Exodus & Wilderness

The Golden Calf

While Moses is on the mountain, the people grow impatient and make a golden calf to worship, bringing God's anger.


When the people saw that Moses was so long in coming down from the mountain, they gathered around Aaron. 'Come, make us gods who will go before us. As for this fellow Moses who brought us up out of Egypt, we don't know what has happened to him.'

Aaron answered, 'Take off the gold earrings that your wives, sons and daughters are wearing, and bring them to me.' The people did so, and Aaron took what they handed him, made it into a molten calf, fashioned it with a tool, and declared, 'These are your gods, Israel, who brought you up out of Egypt.'

The next day, the people rose early, sacrificed burnt offerings, sat down to eat and drink, and got up to indulge in revelry.

On the mountain, the Lord said to Moses, 'Go down, because your people have become corrupt. They have made themselves an idol and are worshipping it. I have seen these people, and they are a stiff-necked people. Now leave me alone so that my anger may burn against them and I may destroy them. Then I will make you into a great nation.'

But Moses sought the favor of the Lord. 'Why should your anger burn against your people, whom you brought out of Egypt? Why should the Egyptians say you brought them out to kill them? Turn from your fierce anger. Remember your promises to Abraham, Isaac, and Jacob.'

The Lord relented.

Moses went down the mountain with the two tablets. When he approached the camp and saw the calf and the dancing, his anger burned. He threw the tablets down, breaking them at the foot of the mountain. He took the calf, burned it, ground it to powder, scattered it on water, and made the Israelites drink it.

Moses stood at the entrance to the camp. 'Whoever is for the Lord, come to me.' The Levites rallied to him, and that day about three thousand people died.

The next day Moses said to the people, 'You have committed a great sin.
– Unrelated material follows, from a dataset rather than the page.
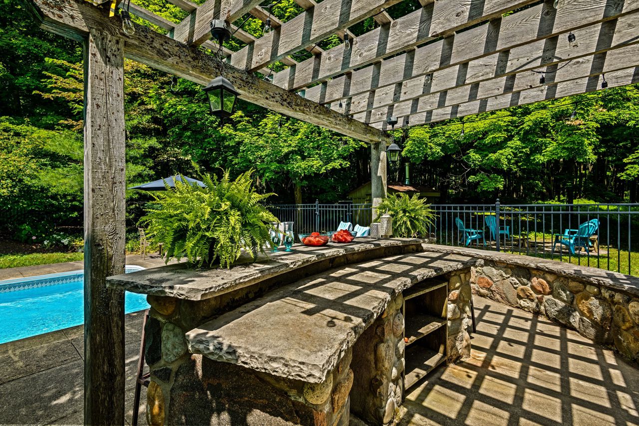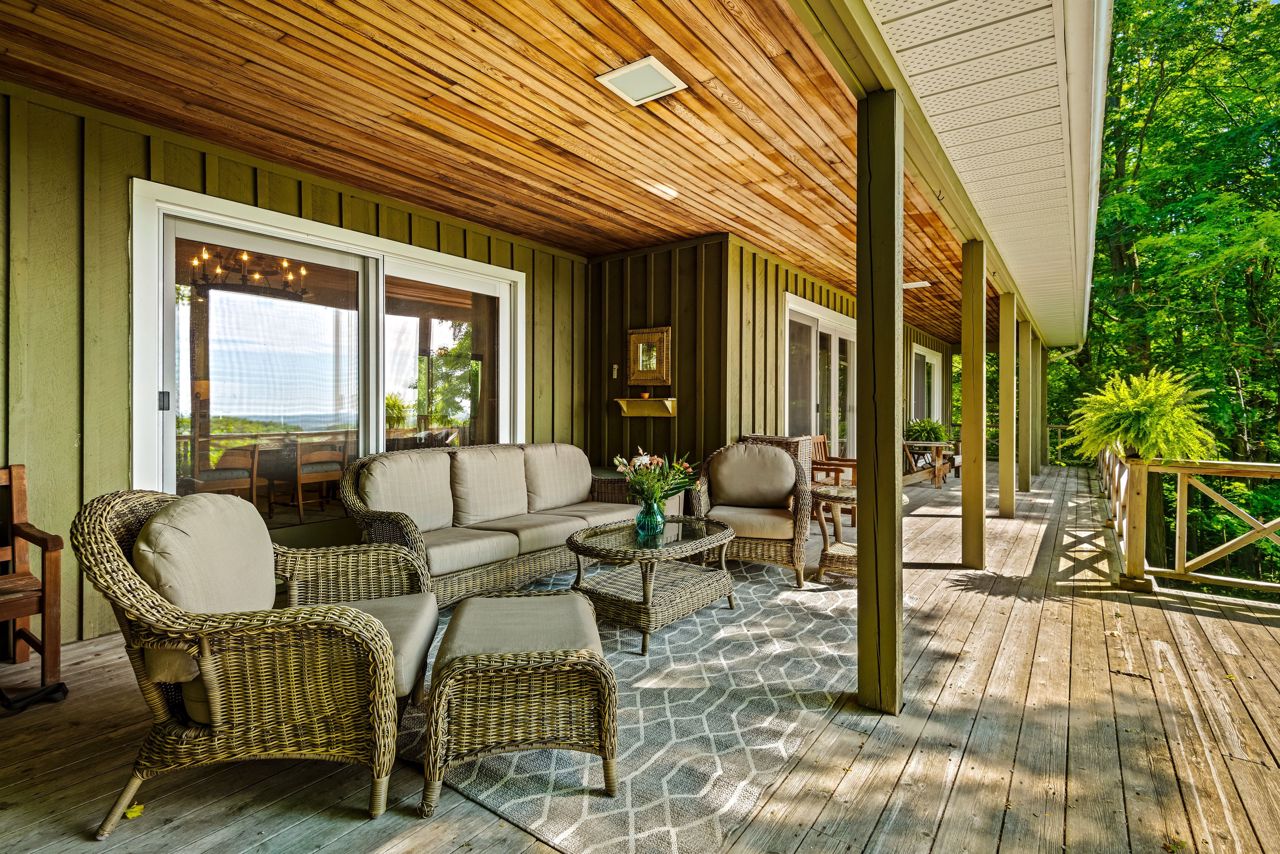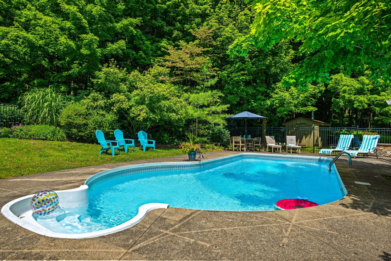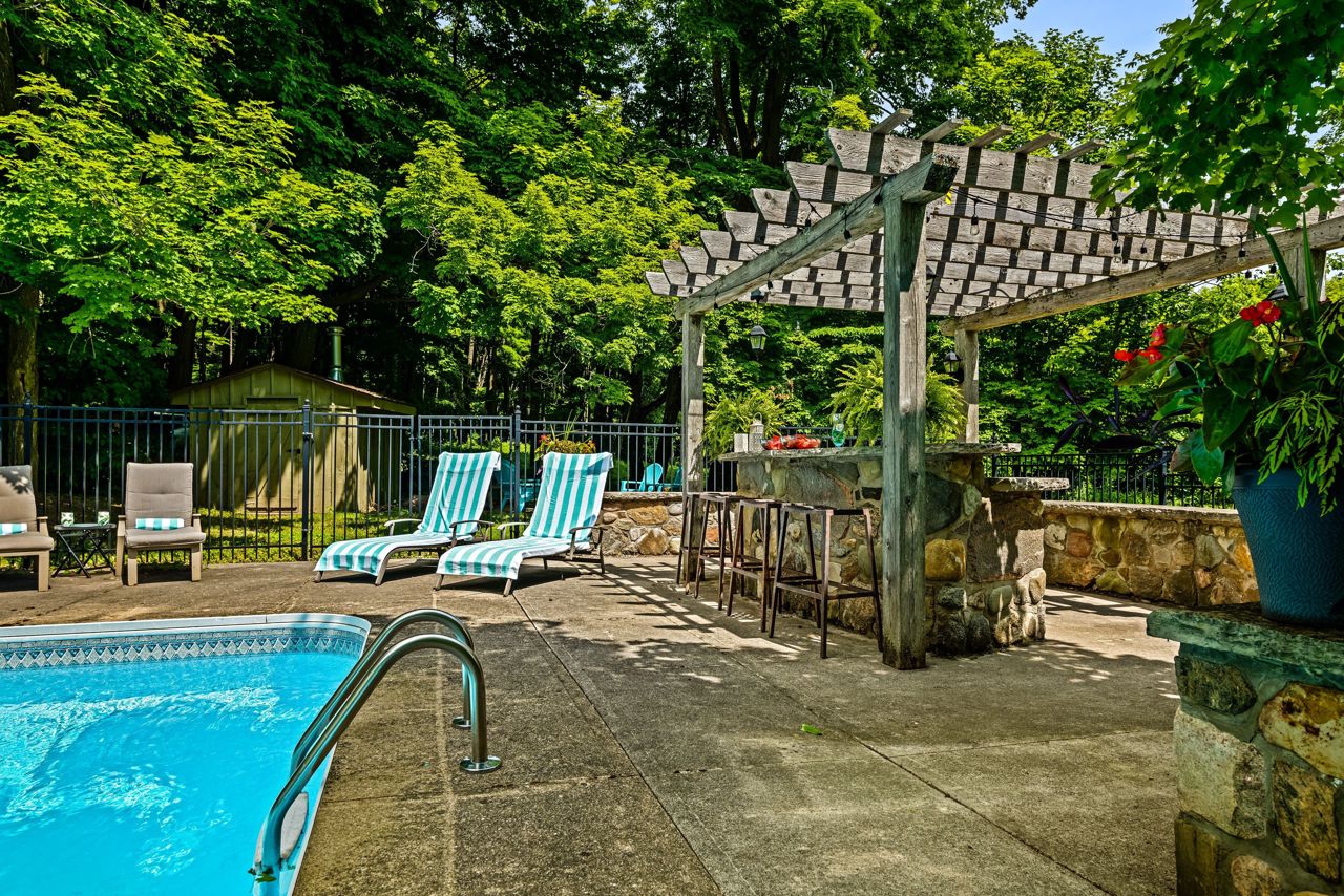 Discover a private 45-acre family haven in Mono that seamlessly blends natural splendor and city views. Pass through the iron gates to uncover a delightful outdoor haven, featuring a sparkling heated pool, landscaped bar area, tennis court, and long trails amidst mature trees. The main floor of the home welcomes you with a wide open floor plan, two generous bedrooms, a hearty dining space, and a warm living area accentuated by a grand fireplace, elegant newly renovated kitchen and bathrooms. Surrounded by large windows and covered porch and uninterrupted, captivating views. On the lower level, you'll find a spacious rec room complete with an additional fireplace, two more large bedrooms, and a newly upgraded bathroom. This home also features a spacious two-car garage. With proximity to Mansfield Ski Club and Hockley Resort, offering enjoyment all year around. Your enchanting sanctuary in Mono is ready and waiting.Stainless steel appliances, 2nd fridge in basement. Some furniture is negotiable.

But now I will go up to the Lord; perhaps I can make atonement for your sin.'

He returned to the Lord. 'Please forgive their sin—but if not, then blot me out of the book you have written.' The Lord replied, 'Whoever has sinned against me I will blot out. Now go, lead the people. My angel will go before you.'

In only forty days, the people who had witnessed God's power at the Red Sea had turned to worship a golden statue.